> **What is expected**
Set down a faithful copy of every record below, with no images.

> **Data items**

◆ ◆ ◆ ◆ ◆ ◆ ◆

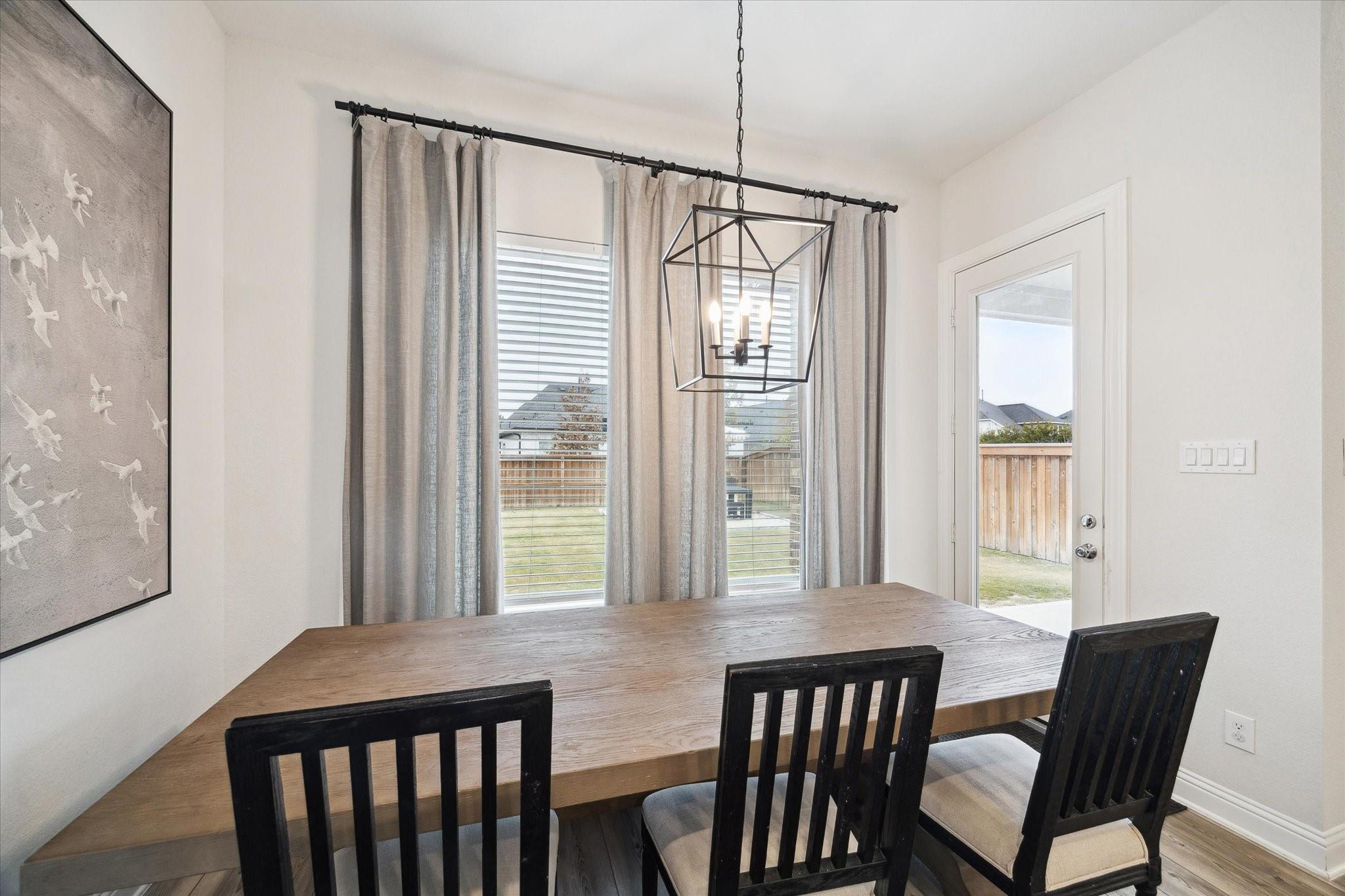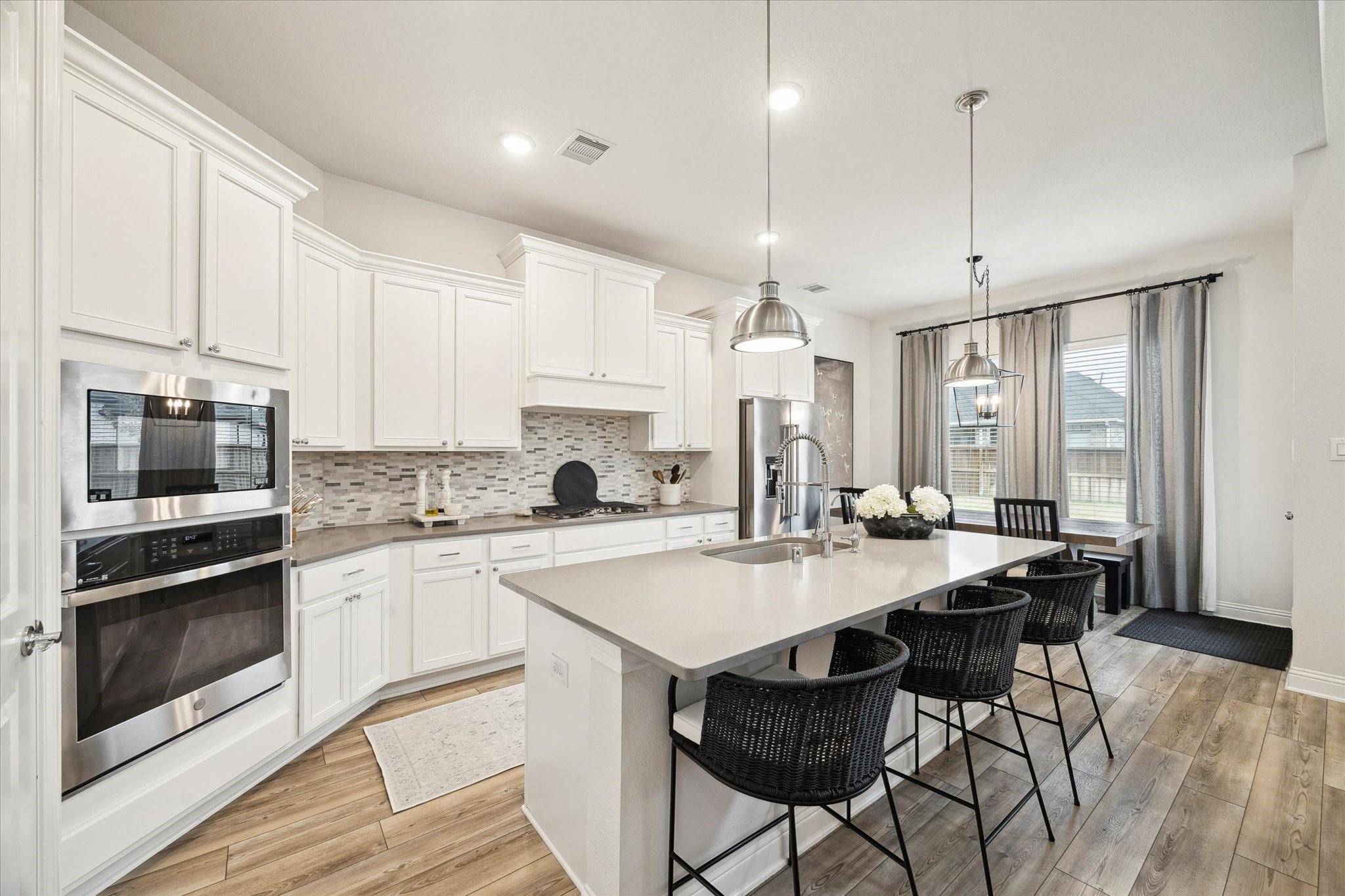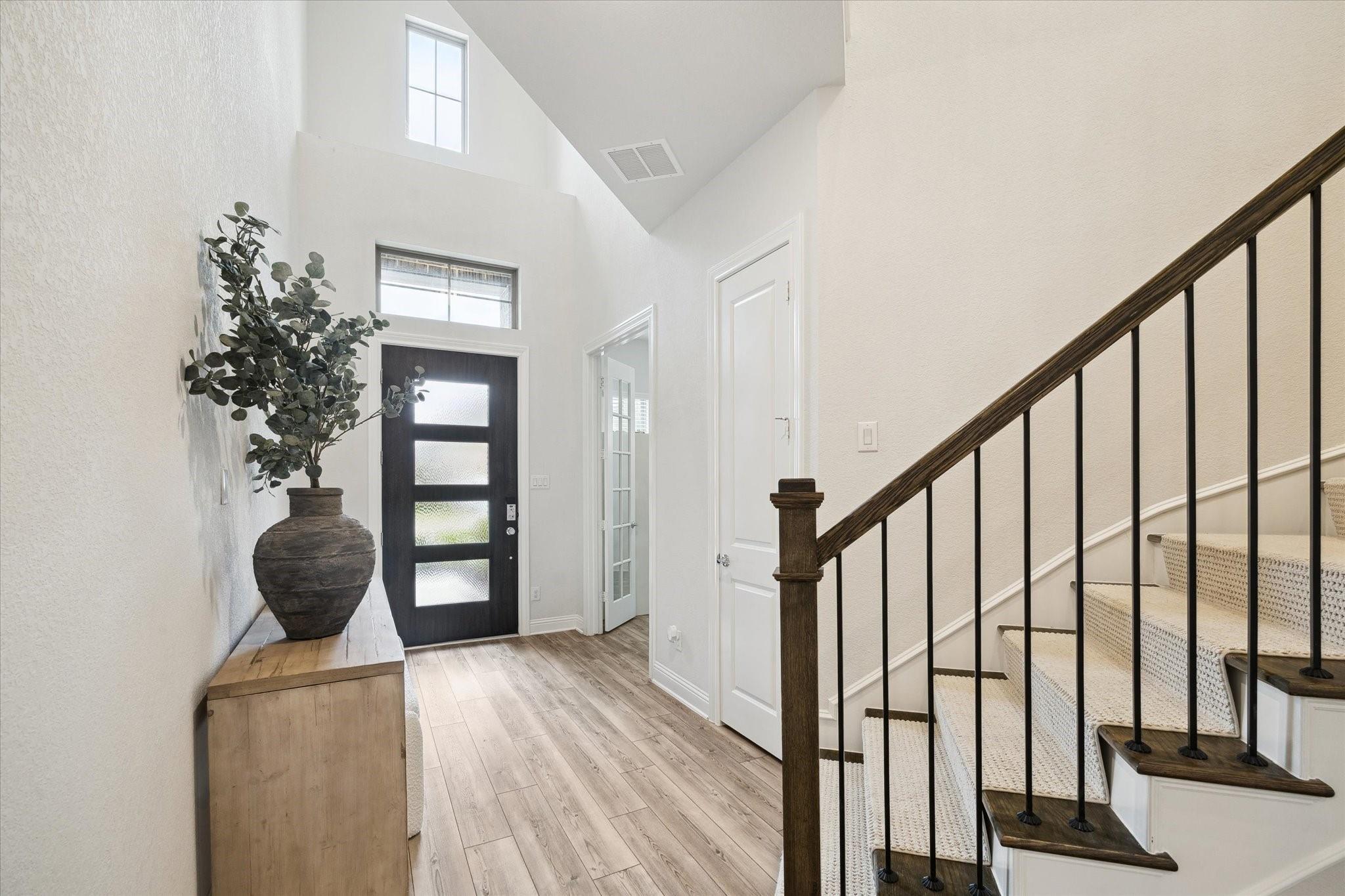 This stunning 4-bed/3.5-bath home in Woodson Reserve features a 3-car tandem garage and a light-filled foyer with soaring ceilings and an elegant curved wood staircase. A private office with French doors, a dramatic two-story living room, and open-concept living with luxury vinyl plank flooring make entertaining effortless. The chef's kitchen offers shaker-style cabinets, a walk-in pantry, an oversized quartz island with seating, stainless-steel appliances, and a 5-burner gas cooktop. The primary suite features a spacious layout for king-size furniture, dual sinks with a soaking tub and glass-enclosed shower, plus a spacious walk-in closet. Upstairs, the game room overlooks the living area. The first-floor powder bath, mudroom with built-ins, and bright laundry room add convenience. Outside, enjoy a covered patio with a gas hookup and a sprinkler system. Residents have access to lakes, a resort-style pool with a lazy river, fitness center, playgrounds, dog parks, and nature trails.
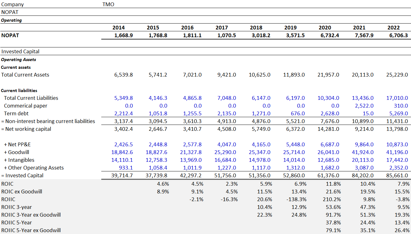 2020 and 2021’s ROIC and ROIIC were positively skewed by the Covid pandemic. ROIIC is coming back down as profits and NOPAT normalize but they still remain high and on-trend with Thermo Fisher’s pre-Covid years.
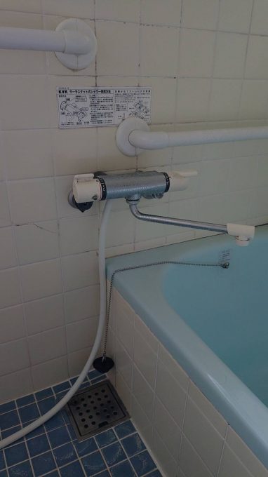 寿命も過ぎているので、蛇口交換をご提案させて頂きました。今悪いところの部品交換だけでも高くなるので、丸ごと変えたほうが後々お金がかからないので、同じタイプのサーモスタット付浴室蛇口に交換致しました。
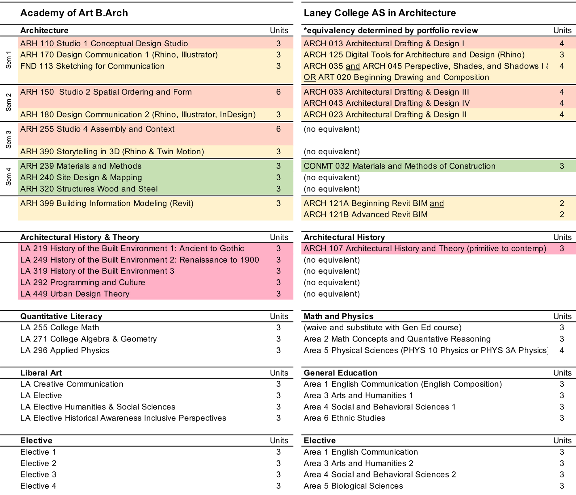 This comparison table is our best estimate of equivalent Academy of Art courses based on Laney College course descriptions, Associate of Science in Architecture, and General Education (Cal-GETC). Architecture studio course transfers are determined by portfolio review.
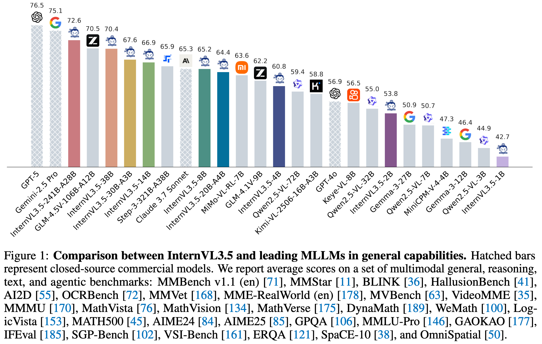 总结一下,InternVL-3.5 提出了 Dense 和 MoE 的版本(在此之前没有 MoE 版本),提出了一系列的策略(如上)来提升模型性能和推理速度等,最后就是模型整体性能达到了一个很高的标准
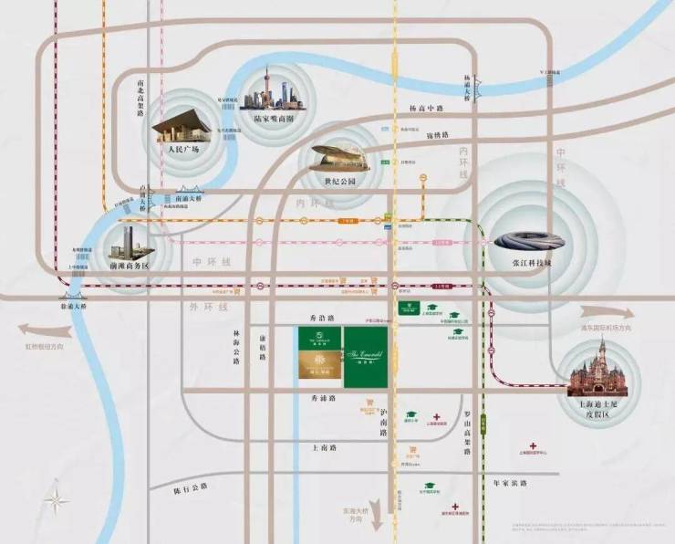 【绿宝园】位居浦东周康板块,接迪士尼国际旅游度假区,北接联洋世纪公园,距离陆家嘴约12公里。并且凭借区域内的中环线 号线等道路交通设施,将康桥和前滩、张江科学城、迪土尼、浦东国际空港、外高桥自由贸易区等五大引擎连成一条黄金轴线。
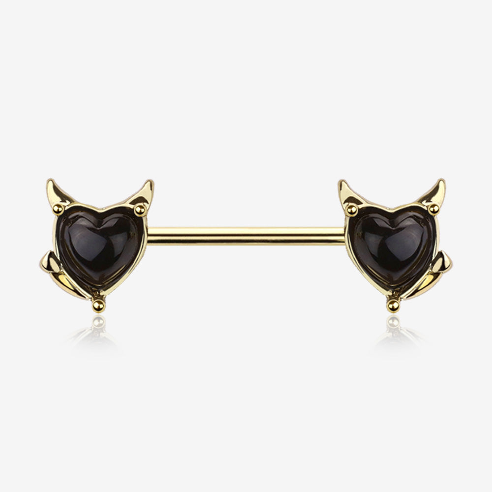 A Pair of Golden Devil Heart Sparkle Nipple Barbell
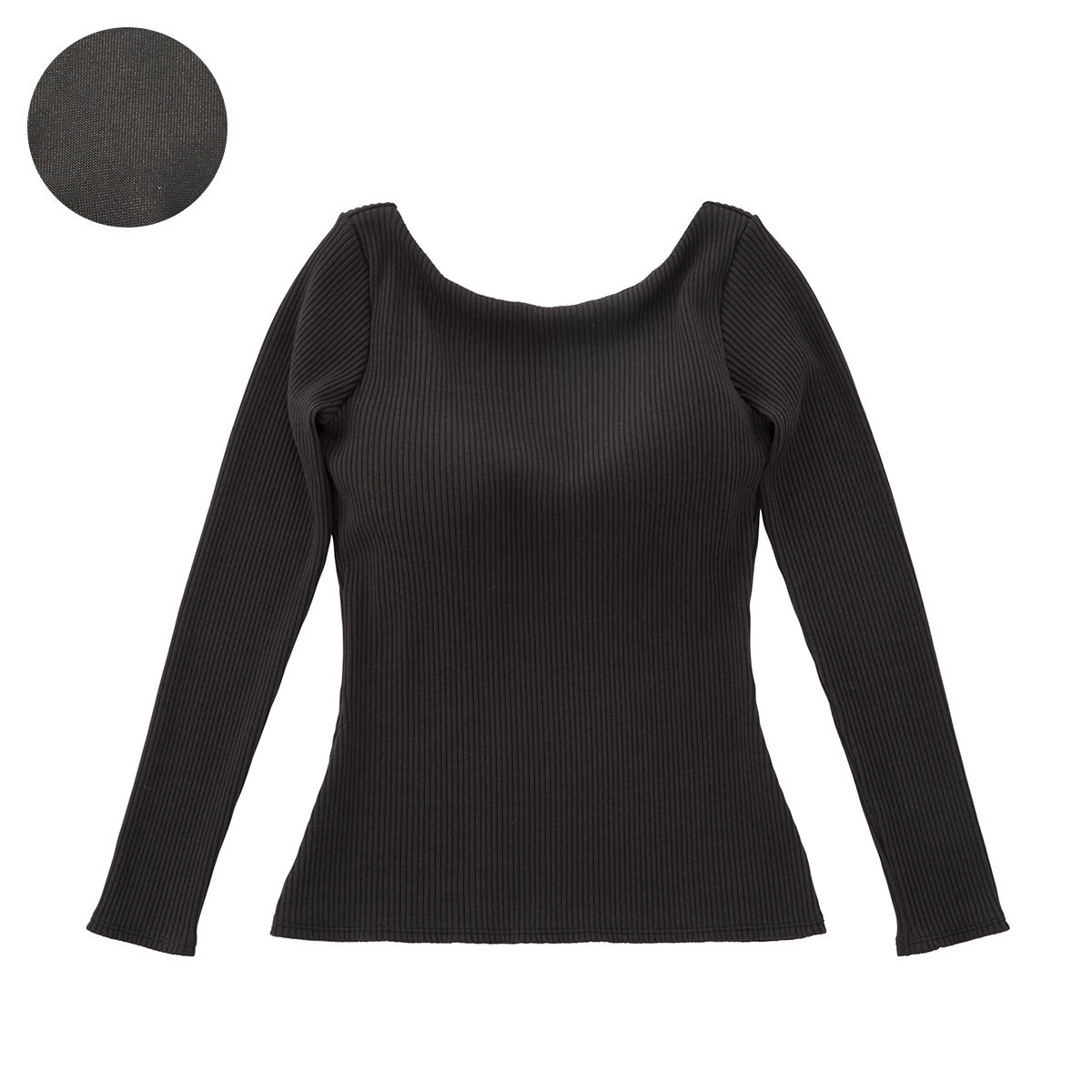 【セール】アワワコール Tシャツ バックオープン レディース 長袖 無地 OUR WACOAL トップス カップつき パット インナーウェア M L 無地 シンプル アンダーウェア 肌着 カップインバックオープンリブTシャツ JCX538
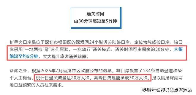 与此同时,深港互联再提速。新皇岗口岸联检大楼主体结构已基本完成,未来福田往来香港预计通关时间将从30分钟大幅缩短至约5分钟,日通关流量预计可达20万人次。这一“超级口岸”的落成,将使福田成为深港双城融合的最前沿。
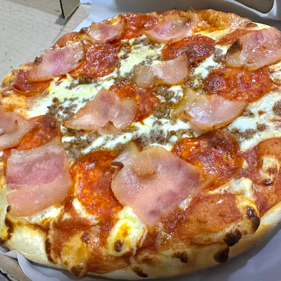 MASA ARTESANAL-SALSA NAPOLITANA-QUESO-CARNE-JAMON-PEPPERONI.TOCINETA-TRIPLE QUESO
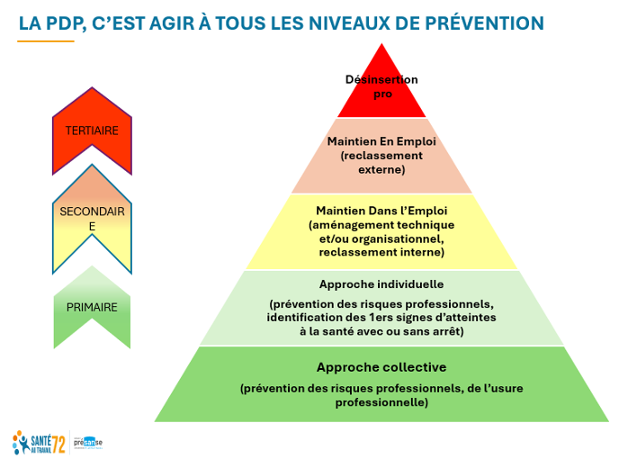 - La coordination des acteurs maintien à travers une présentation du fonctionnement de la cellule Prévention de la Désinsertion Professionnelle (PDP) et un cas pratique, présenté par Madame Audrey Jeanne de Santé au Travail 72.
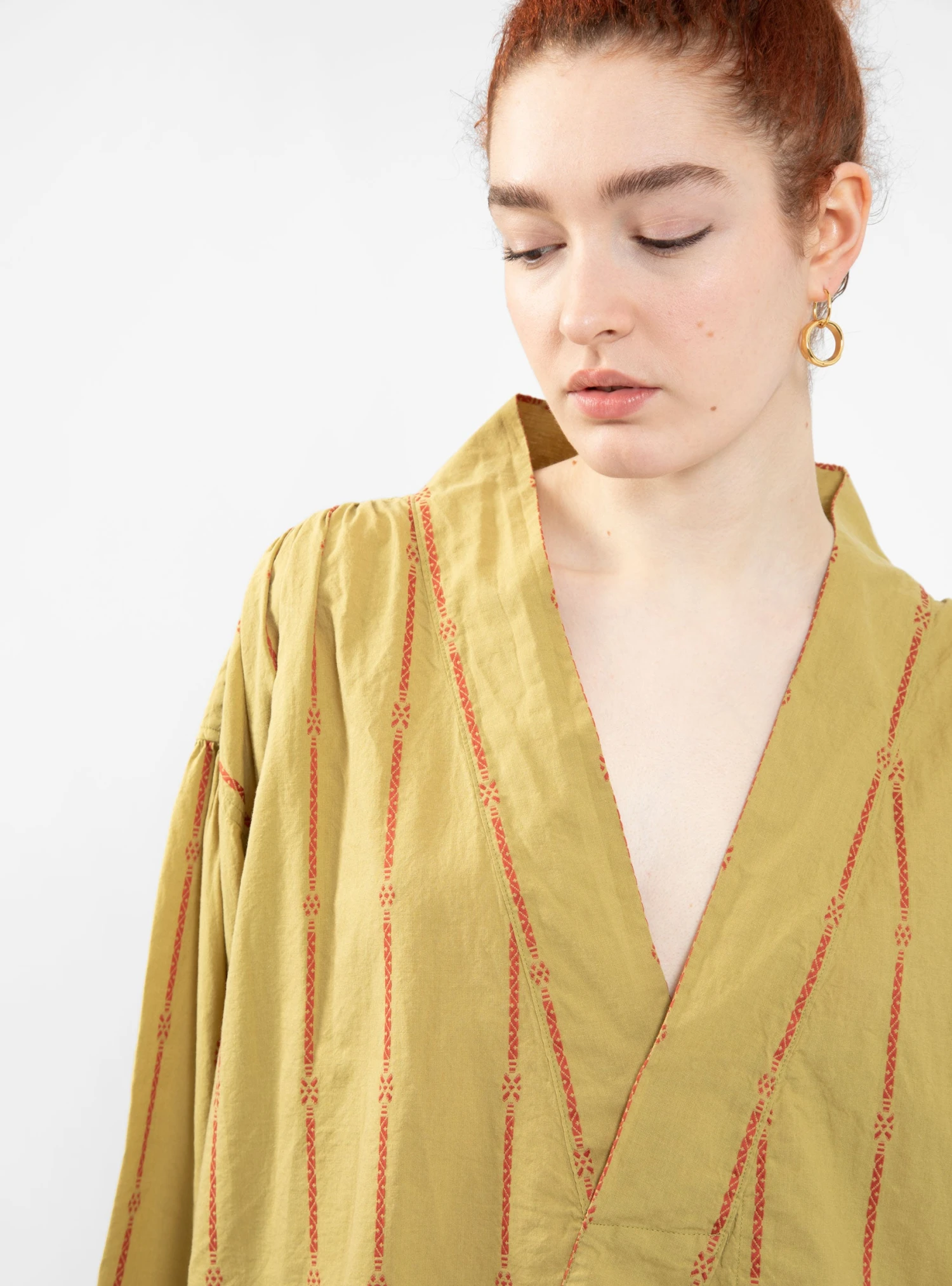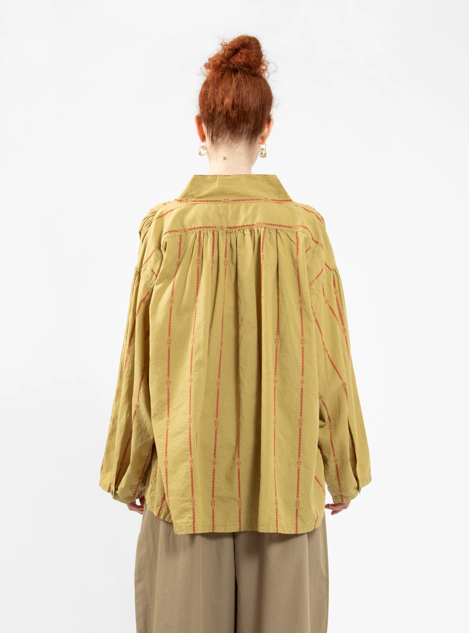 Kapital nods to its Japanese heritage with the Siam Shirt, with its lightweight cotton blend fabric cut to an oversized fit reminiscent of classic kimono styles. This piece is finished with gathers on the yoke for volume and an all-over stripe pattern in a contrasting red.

◆ ◆ ◆ ◆ ◆ ◆ ◆

> **Your response**
 This stunning 4-bed/3.5-bath home in Woodson Reserve features a 3-car tandem garage and a light-filled foyer with soaring ceilings and an elegant curved wood staircase. A private office with French doors, a dramatic two-story living room, and open-concept living with luxury vinyl plank flooring make entertaining effortless. The chef's kitchen offers shaker-style cabinets, a walk-in pantry, an oversized quartz island with seating, stainless-steel appliances, and a 5-burner gas cooktop. The primary suite features a spacious layout for king-size furniture, dual sinks with a soaking tub and glass-enclosed shower, plus a spacious walk-in closet. Upstairs, the game room overlooks the living area. The first-floor powder bath, mudroom with built-ins, and bright laundry room add convenience. Outside, enjoy a covered patio with a gas hookup and a sprinkler system. Residents have access to lakes, a resort-style pool with a lazy river, fitness center, playgrounds, dog parks, and nature trails.
 2020 and 2021’s ROIC and ROIIC were positively skewed by the Covid pandemic. ROIIC is coming back down as profits and NOPAT normalize but they still remain high and on-trend with Thermo Fisher’s pre-Covid years.
 寿命も過ぎているので、蛇口交換をご提案させて頂きました。今悪いところの部品交換だけでも高くなるので、丸ごと変えたほうが後々お金がかからないので、同じタイプのサーモスタット付浴室蛇口に交換致しました。
 This comparison table is our best estimate of equivalent Academy of Art courses based on Laney College course descriptions, Associate of Science in Architecture, and General Education (Cal-GETC). Architecture studio course transfers are determined by portfolio review.
 总结一下,InternVL-3.5 提出了 Dense 和 MoE 的版本(在此之前没有 MoE 版本),提出了一系列的策略(如上)来提升模型性能和推理速度等,最后就是模型整体性能达到了一个很高的标准
 【绿宝园】位居浦东周康板块,接迪士尼国际旅游度假区,北接联洋世纪公园,距离陆家嘴约12公里。并且凭借区域内的中环线 号线等道路交通设施,将康桥和前滩、张江科学城、迪土尼、浦东国际空港、外高桥自由贸易区等五大引擎连成一条黄金轴线。
 A Pair of Golden Devil Heart Sparkle Nipple Barbell
 【セール】アワワコール Tシャツ バックオープン レディース 長袖 無地 OUR WACOAL トップス カップつき パット インナーウェア M L 無地 シンプル アンダーウェア 肌着 カップインバックオープンリブTシャツ JCX538
 与此同时,深港互联再提速。新皇岗口岸联检大楼主体结构已基本完成,未来福田往来香港预计通关时间将从30分钟大幅缩短至约5分钟,日通关流量预计可达20万人次。这一“超级口岸”的落成,将使福田成为深港双城融合的最前沿。
 MASA ARTESANAL-SALSA NAPOLITANA-QUESO-CARNE-JAMON-PEPPERONI.TOCINETA-TRIPLE QUESO
 - La coordination des acteurs maintien à travers une présentation du fonctionnement de la cellule Prévention de la Désinsertion Professionnelle (PDP) et un cas pratique, présenté par Madame Audrey Jeanne de Santé au Travail 72.
 Kapital nods to its Japanese heritage with the Siam Shirt, with its lightweight cotton blend fabric cut to an oversized fit reminiscent of classic kimono styles. This piece is finished with gathers on the yoke for volume and an all-over stripe pattern in a contrasting red.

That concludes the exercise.